Monday, March 9, 2009

Nationwide Foreclosures Are Clustered Into a Few Counties


With the national credit crisis in full swing, it is interesting to note that the wave of housing foreclosures which set the economic downturn in motion occurred in a relatively small geographical percentage of the country. Recent data released by RealtyTrac shows that foreclosures in just 35 counties accounted for 1.5 million foreclosure actions... more than half of the country's housing defaults. Clark County in Nevada, which encompasses the Las Vegas valley and environs, led the list.

How could isolated, regional events trigger a national economic downturn?

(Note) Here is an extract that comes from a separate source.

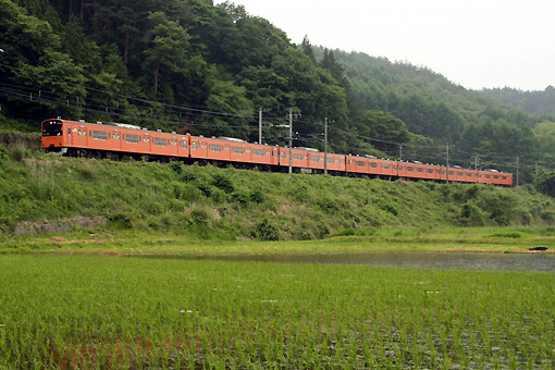 青梅・五日市線用の青3編成と、クハ201-1を除くH1編成のトップナンバー3両による変則7両編成で廃車回送された時の様子。中間に挟まる先頭車(クハ200-1)が印象的。 ‘08.6.19 中央本線 すずらんの里―青柳 P:井田幸宏 (鉄道投稿情報局より)

Most of the nation's major banks and other lending institutions were invested heavily in, or owned subsidiaries that serviced the hard hit areas like Nevada, California, Arizona, and Florida.

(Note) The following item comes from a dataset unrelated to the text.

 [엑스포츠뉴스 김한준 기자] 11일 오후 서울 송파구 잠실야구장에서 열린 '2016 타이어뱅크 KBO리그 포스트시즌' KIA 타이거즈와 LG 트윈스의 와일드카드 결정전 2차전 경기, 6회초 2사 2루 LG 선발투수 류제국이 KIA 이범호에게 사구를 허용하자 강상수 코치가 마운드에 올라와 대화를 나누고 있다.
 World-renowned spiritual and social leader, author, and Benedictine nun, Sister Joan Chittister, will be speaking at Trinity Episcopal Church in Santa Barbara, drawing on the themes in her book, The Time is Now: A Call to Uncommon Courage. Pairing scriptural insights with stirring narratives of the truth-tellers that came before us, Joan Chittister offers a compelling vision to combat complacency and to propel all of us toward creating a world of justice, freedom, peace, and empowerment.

The geographical clustering of the nation's foreclosures could have an impact on the recent Financial Stability plan introduced by the Obama administration as well. For starters, the plan may face political challenges because it provides so much money...$75 billion...to help relatively few Americans. In addition, because of its many restrictions the plan may not be able to help the homeowners from distressed areas who need the help most. In order to refinance a loan under the proposed Financial Stability plan, a homeowner must owe less than 105% of the home's current market value. In many of the 35 counties that represent the bulk of the nation's foreclosure wave, home prices have dropped so dramatically that most homeowners won't qualify.